The web-videos, now offered in various incarnations by more than a half-dozen firms, are a far cry from the current practice of watching "best practices" videos produced by self-styled experts from afar. Nor is the new technology just a means for teachers to watch more, better, or different teaching videos.
"Instead of showing teachers 'exemplary' lessons and then expecting them to copy what they see, we allow them to analyze many different demonstrations to incorporate what they want into their own classroom," says Lisle Staley, vice president of teacher learning for LessonLab Inc., a Santa Monica firm at the forefront of the new technology.

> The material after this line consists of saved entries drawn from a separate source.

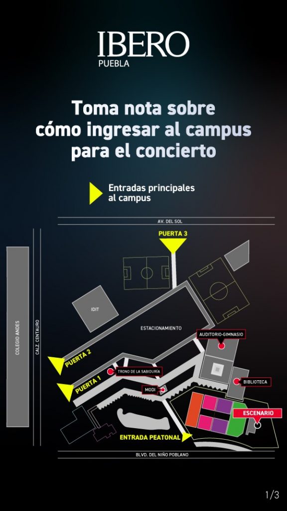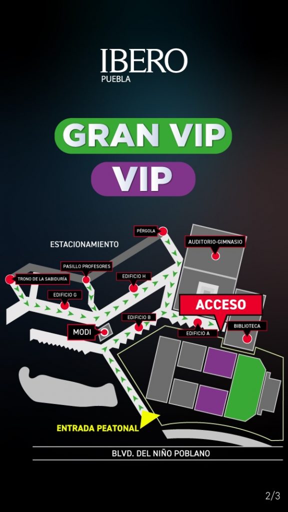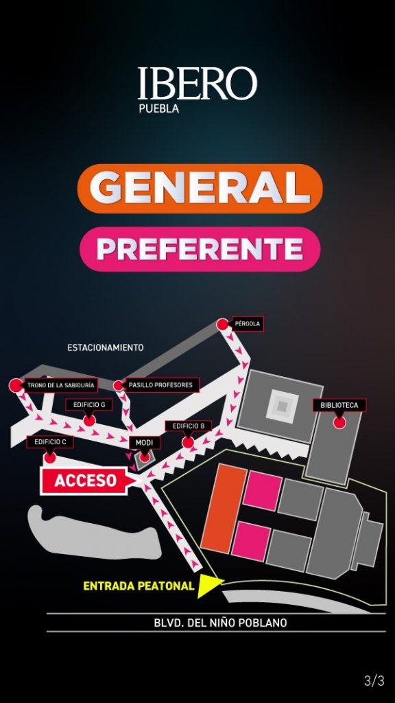 El acceso peatonal estará habilitado por bulevar del Niño Poblano y avenida del Sol (Puerta 3), mientras que las Puertas 1 y 2, ubicadas en avenida Centauro, y la Puerta 3 permitirán ingreso vehicular. Las zonas GRAN VIP y VIP tendrán acceso entre el edificio A y la Biblioteca Interactiva Pedro Arrupe, SJ; Preferente y General ingresarán por el lobby de los edificios B y C.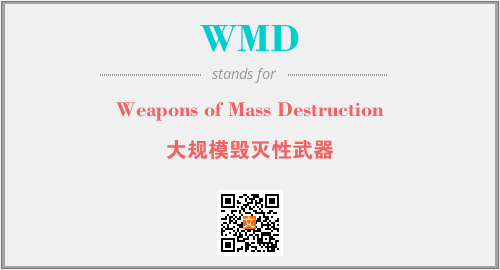 英文缩略词“WMD”经常作为“Weapons of Mass Destruction”的英文缩写来使用,中文表示:“大规模毁灭性武器”。本文将详细介绍英文缩写词WMD所代表英文单词,其对应的中文拼音、详细解释以及在英语中的流行度。此外,还有关于缩略词WMD的分类、应用领域及相关应用示例等。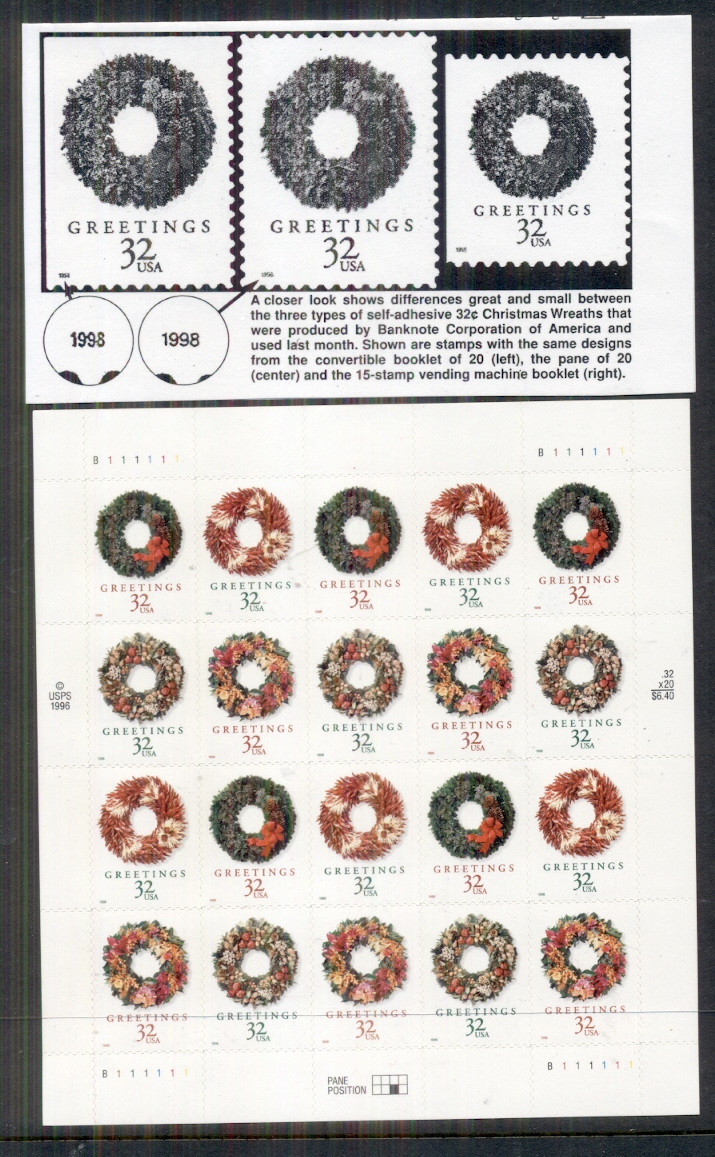 32¢ Christmas Wreaths, Pane of 20 and Booklet Pane of 20, Die Cut varieties, NH, VF, Scott $65.00, $39.00 |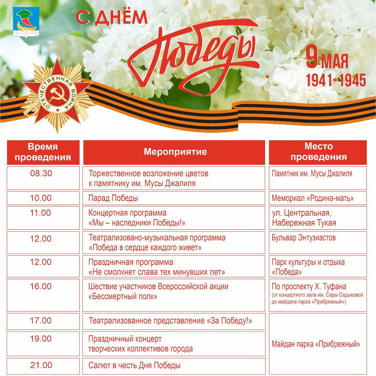 Шәһәрнең рәсми сайты 1941-1945 еллардагы Бөек Ватан сугышында Җиңүнең 77 еллыгын бәйрәм итү кысаларында чаралар исемлеген бастыра.
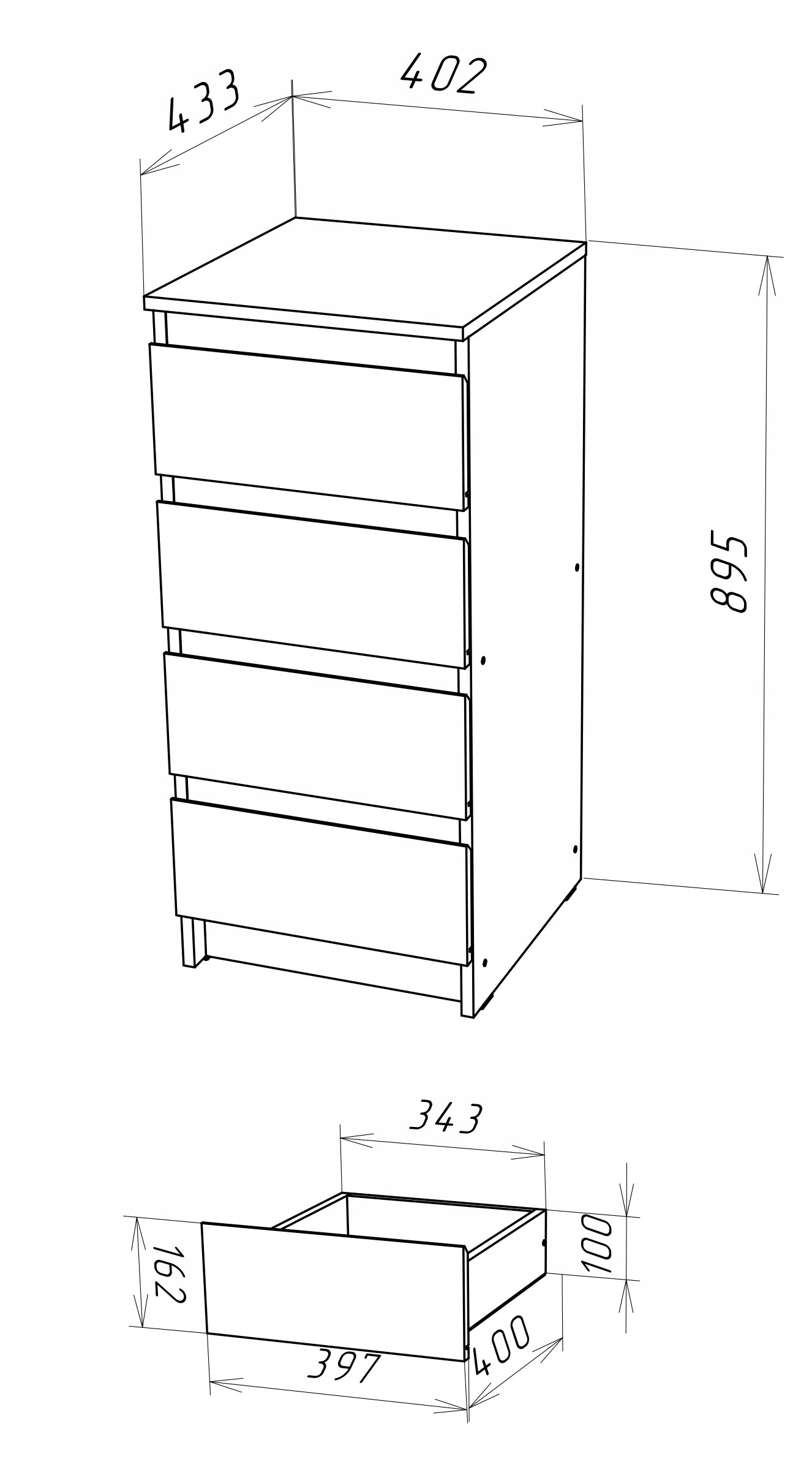 - Pojemne szuflady – cztery obszerne szuflady pomieszczą wiele rzeczy, pomagając w utrzymaniu porządku.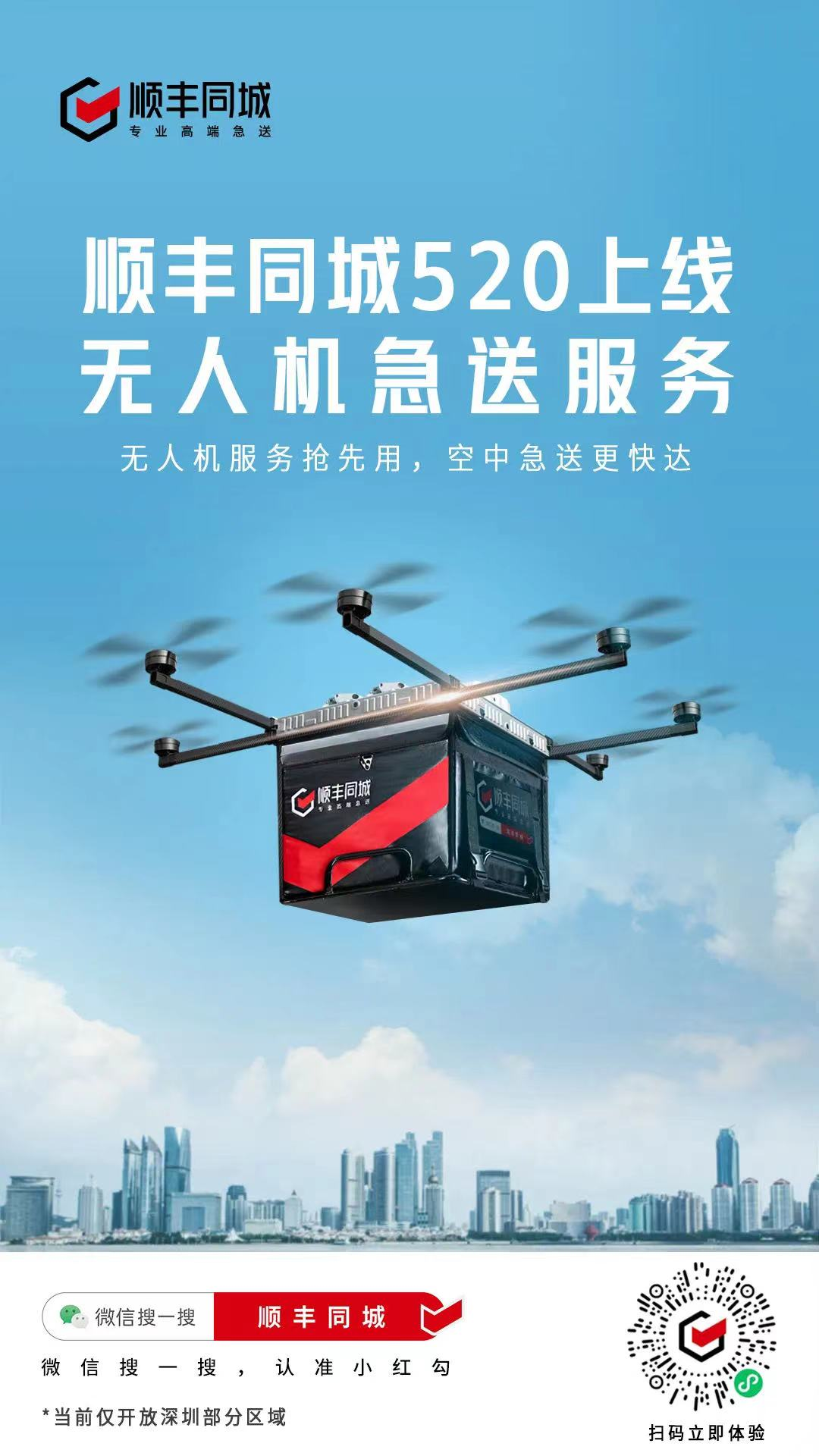 5月20日,順豐同城在深圳試點上線無人機急送服務,為深圳南山和福田部分區域的跨區配送提供無人機急送服務,用戶可通過「順豐同城」小程序或APP下單體驗。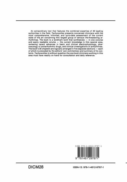 I. Basic Mechanisms and Classification: Editorial Comment.- 1. Mechanisms of Tachycardia.- 2. Ventricular Fibrillation.- 3. Cardiac Automaticity in Normal and Some Abnormal Conditions.- 4. Effects of Autonomic Tone on Tachycardias.- 5. Historical Background and Evolution of Established and Obsolete Terms Used to Characterize Tachycardia.- II. Supraventricular Tachycardias: Editorial Comment.- 6. Electrophysiology, Mechanisms, Diagnosis, and Treatment of Paroxysmal Recurrent Atrioventricular Nodal Reentrant Tachycardia.- 7. Tachycardias in which the Reentry Circuit Includes Atrioventricular Bypass Tracts.- 8. Supraventricular Ectopic Tachycardias due to Mechanisms Other than Reentry.- 9. Role of Electrophysiologic Studies in the Diagnosis of Paroxysmal Supraventricular Tachycardias.- 10. Tachycardia-Bradycardia Syndrome.- 11. Observations on the Mechanism of Atrial Flutter.- 12. Atrial Fibrillation.- 13. Ventricular Response in Atrial Fibrillation: Effects of AV Nodal Refractory Periods, Atrioventricular Block, and Preexcitation Syndromes.- III. Ventricular Tachycardias: Editorial Comment.- 14. Ventricular Tachycardia in Man: Mechanisms.- 15. Torsades de Pointes.- 16.Electrophysiologic Testing in Ventricular Tachycardia: Diagnosis and Methodology.- IV. Underlying Conditions: Editorial Comment.- 17. Tachycardias in Children.- 18. Ventricular Tachyarrhythmias in the Various Stages of Ischemic Heart Disease.- 19. Arrhythmia in Cardiomyopathy.- 20. Arrhythmias Associated with Mitral Valve Prolapse.- 21. Digitalis-Induced Tachycardias.- 22. Tachycardia Related to Electrolyte Imbalance.- V. Approaches to Therapy: Editorial Comment.- 23. Digitalis and Beta-adrenergic Blocking Drugs for the Treatment of Tachycardias.- 24. Role of Slow Channel Blocking Drugs in the Treatment of Tachycardias.- 25. Drugs Acting on the Fast Inward Sodium Current in the Management of Tachycardias.- 26. Amiodarone.- 27. Bretylium Tosylate in the Treatment of Tachycardias.- 28. Role of Pacing in the Treatment of Tachycardias.- 29. Role of Surgery in the Treatment of Tachycardias.- 30. Role of Electrophysiologic Studies in the Treatment of Tachycardias.- References.

At a center for Los Angeles Unified School District, facilitators who will later train other teachers with the new software, are getting their first taste of what that means.
Logging on to a secure access website created by LessonLab, the teachers-in-training are moving their computer cursors between a split screen that has a video window on the left, and conventional text with other options on the right.
Clicking on control buttons beneath the video, the trainees peer closely at actual classroom encounters, sometimes tapping on keys to fast-forward the video or pause it so they can stop to make notes. At other times they take a minute to lob a comment into a real-time chat room with other online students. Even the teachers featured in the video can get involved. They'll be able to post permanent questions or remarks as well, as can experts around the world.